Stored records:
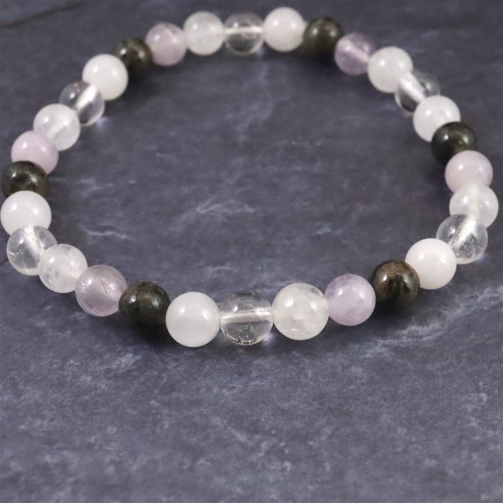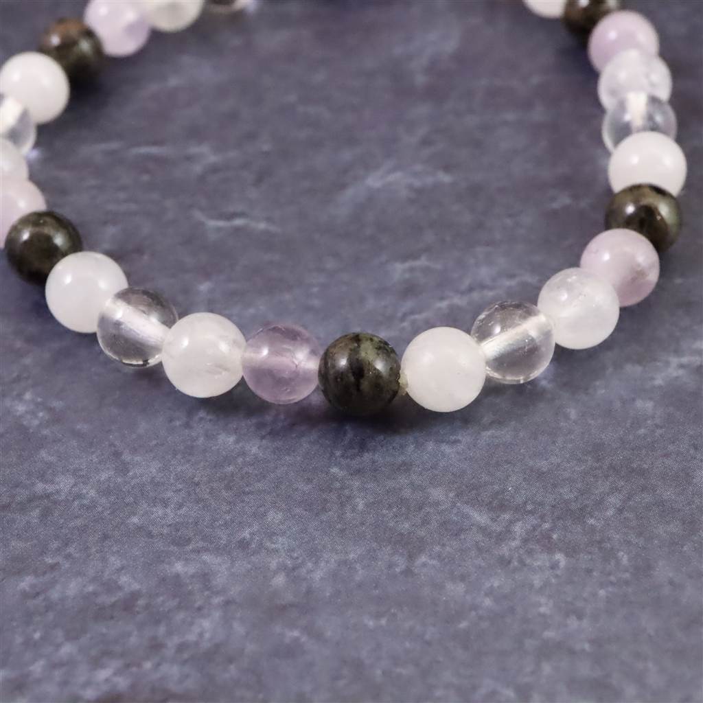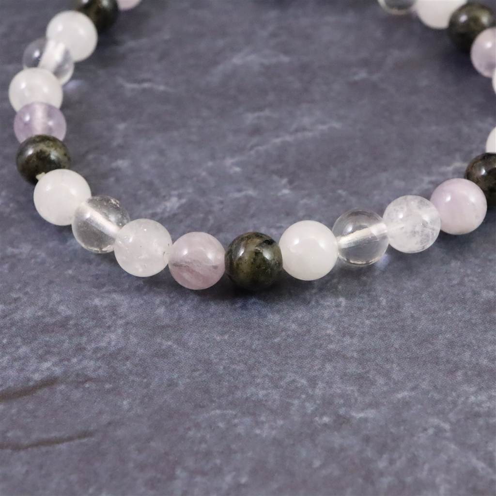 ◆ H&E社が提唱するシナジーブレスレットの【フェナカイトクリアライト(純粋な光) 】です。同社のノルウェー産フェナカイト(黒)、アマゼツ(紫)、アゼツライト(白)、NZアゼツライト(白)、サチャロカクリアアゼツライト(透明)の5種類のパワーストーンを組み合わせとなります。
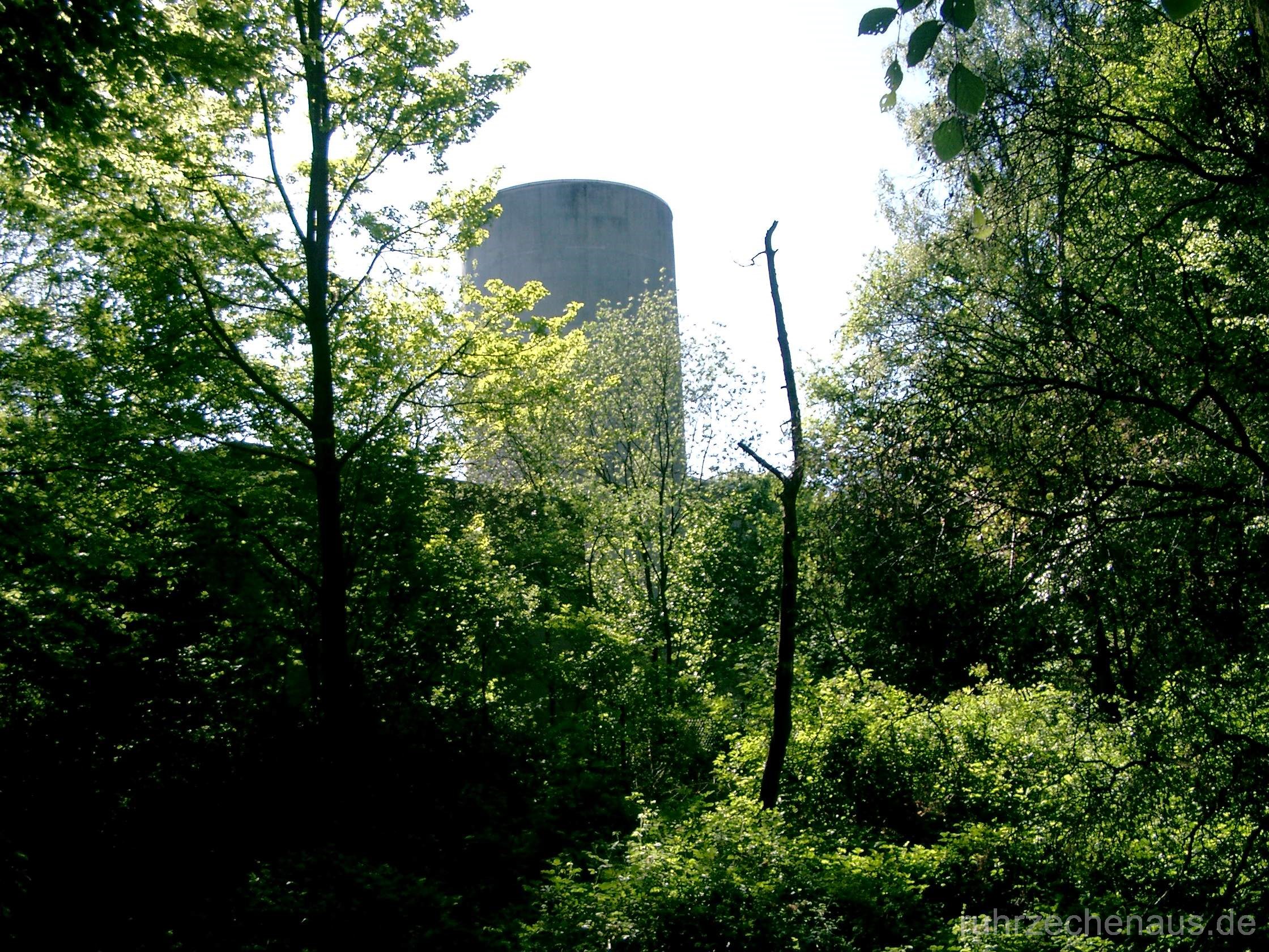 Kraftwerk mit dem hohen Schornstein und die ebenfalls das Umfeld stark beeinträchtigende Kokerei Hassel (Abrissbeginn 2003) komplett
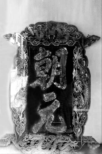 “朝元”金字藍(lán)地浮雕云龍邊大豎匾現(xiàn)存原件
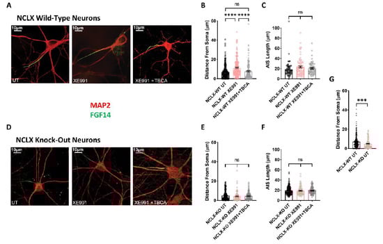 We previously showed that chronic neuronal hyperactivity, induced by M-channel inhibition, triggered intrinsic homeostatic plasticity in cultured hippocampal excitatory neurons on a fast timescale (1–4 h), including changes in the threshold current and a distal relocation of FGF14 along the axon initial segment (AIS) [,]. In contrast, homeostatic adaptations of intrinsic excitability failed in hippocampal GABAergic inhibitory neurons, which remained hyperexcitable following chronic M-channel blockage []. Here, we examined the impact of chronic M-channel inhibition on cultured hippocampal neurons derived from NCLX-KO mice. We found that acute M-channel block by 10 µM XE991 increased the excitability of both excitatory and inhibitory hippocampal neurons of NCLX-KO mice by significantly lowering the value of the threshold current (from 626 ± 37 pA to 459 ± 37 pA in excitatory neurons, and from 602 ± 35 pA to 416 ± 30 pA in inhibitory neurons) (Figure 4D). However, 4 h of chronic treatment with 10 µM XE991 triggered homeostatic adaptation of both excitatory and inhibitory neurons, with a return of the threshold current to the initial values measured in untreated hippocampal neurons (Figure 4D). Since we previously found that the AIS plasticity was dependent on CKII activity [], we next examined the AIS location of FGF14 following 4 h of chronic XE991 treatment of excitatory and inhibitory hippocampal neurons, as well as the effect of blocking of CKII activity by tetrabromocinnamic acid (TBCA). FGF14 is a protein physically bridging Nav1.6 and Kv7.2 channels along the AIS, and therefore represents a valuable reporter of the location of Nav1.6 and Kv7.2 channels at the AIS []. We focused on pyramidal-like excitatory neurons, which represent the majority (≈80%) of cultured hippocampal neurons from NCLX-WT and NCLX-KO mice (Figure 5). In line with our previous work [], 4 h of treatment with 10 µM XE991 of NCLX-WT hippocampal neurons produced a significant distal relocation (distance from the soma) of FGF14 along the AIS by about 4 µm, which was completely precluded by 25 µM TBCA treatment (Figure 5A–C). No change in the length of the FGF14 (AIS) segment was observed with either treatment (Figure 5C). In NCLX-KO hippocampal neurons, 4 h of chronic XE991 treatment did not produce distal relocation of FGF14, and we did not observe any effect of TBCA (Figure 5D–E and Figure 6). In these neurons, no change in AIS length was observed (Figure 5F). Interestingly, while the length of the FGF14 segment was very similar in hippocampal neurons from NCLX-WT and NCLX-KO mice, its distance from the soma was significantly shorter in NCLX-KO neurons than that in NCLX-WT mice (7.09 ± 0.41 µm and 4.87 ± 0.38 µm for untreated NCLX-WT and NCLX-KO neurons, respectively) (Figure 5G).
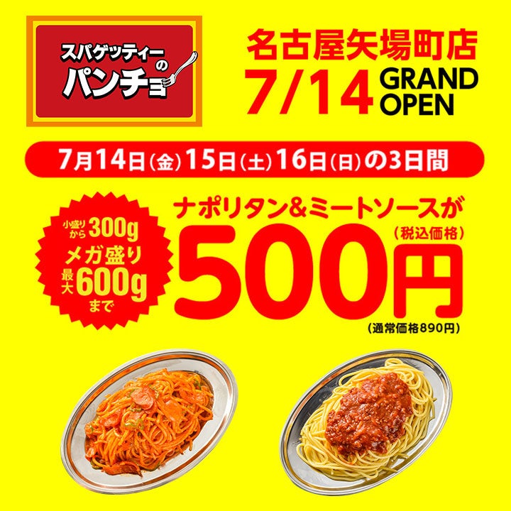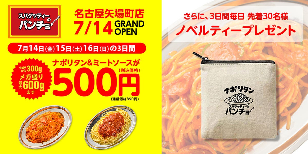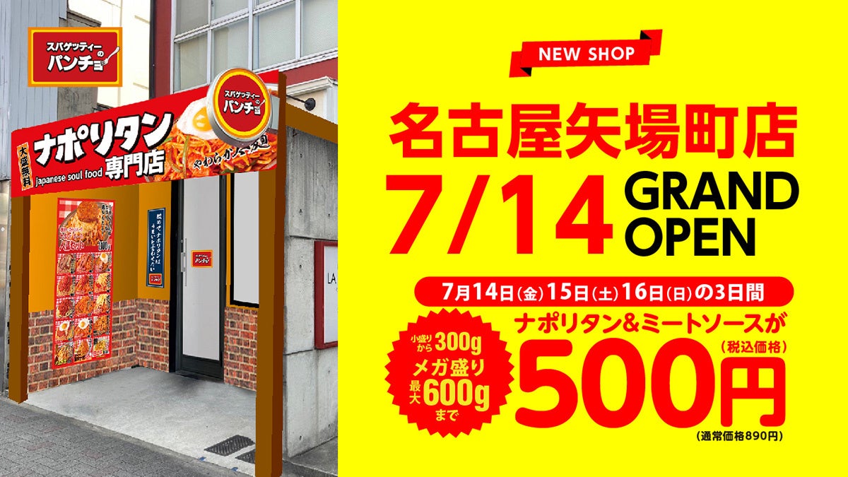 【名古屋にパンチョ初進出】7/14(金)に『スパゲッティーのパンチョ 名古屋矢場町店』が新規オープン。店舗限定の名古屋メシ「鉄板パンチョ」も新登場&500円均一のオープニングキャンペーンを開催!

◆ **ABOUT THIS EXERCISE**
Each line from the beginning of the entries up to and including the one containing "Kraftwerk mit dem" must be restated exactly. Pictures are to be left out.

◆ **EXERCISE SOLUTION**
 ◆ H&E社が提唱するシナジーブレスレットの【フェナカイトクリアライト(純粋な光) 】です。同社のノルウェー産フェナカイト(黒)、アマゼツ(紫)、アゼツライト(白)、NZアゼツライト(白)、サチャロカクリアアゼツライト(透明)の5種類のパワーストーンを組み合わせとなります。
 Kraftwerk mit dem hohen Schornstein und die ebenfalls das Umfeld stark beeinträchtigende Kokerei Hassel (Abrissbeginn 2003) komplett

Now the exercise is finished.